Вне себя от радости, я запрыгал по пузырю. Теперь чертовка не уйдет от меня, пока я всласть не наиграюсь со своим удом. Но что-то не сходится. Я проглотил такой большой камень, а результат не сильно выдающийся. Проверим, что скажет наследие.
Ничего. Единственным итогом стал небольшой отросток между ног. На мгновения я почувствовал разочарование — такой большой камень, пропитанный силой, мог дать очень могущественную способность. Но сделанного не воротишь.
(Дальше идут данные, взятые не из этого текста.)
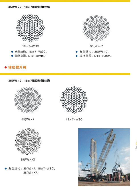 公司產(chǎn)品是油田、國內(nèi)大型港口、大型煤礦、振華港機(jī)、徐工、中聯(lián)重科和三一重工等鋼絲繩配套原裝產(chǎn)品。16噸-1600噸汽車吊、輪胎吊、履帶吊壓實(shí)和雙壓實(shí)不旋轉(zhuǎn)起升鋼絲繩,壓實(shí)和雙壓實(shí)填塑帶塑料減震鋼芯變幅鋼絲繩。

Сколько времени прошло? Если кольцо не прикончило меня, то время ещё есть. Только вот… Плоть ящера оказалось холодной и твердой, будто его тело закоченело. Больше не было мерного биения огромного сердца. Гневоящер мертв? Его убили или он сам умер? Но вскоре под ногами пронеслась едва ощутимая вибрация. Сердце бьётся. Но очень медленно.
Я попробовал вернуться обратным путем, но прежде упругая и горячая кишка превратилась в тесный каменный лаз. Отвердевшая плоть не поддавалась никаким усилиям. Пришлось повернуть назад, чтобы не застрять. От одной мысли, что я застряну в полной темноте, сжатый тоннами твердой плоти, по спине пробежал холодок.
В глубь ящера двигаться было легче. Пока кишка резко не сузилась, резво вильнув наверх. Холодная плоть была покрыта вязкой слизью, пощипывающей руки. Узко. Мне едва удавалось продвигаться вперёд, но особенную трудности доставляли резкие повороты или места, где кишки почти перекручивались.
Я выпал в просторную полость и шлепнулся задницей на упругое желе. От удара пленка на поверхности порвалась, погрузив меня в жгучую водянистую массу. На шкуру будто плеснули жидким огнем. Заверещал, я что есть мочи подпрыгнул и вцепился в стенку полости. Меня удерживало лишь невероятное мышечное усилие. Дерьмо, почему здесь так темно? Я же должен отлично видеть в любой темноте. Видать, жопа ящера это совсем особенное место.
Я боялся шелохнуться. Задницу и ноги начало сводить. Это желудочная кислота. Ядреная зараза. Не удивлюсь, что шерсть растворится и просто стечет с меня, а хвост облысеет, как у крысы.
Силы быстро покидали меня. Нужно что-то решать. Я осторожно тронул лапой предполагаемый пол — пальцы ткнулись в упругую пленку, но стоило надавить, как она погрузилась в кислоту. Сука, надо было желать полет.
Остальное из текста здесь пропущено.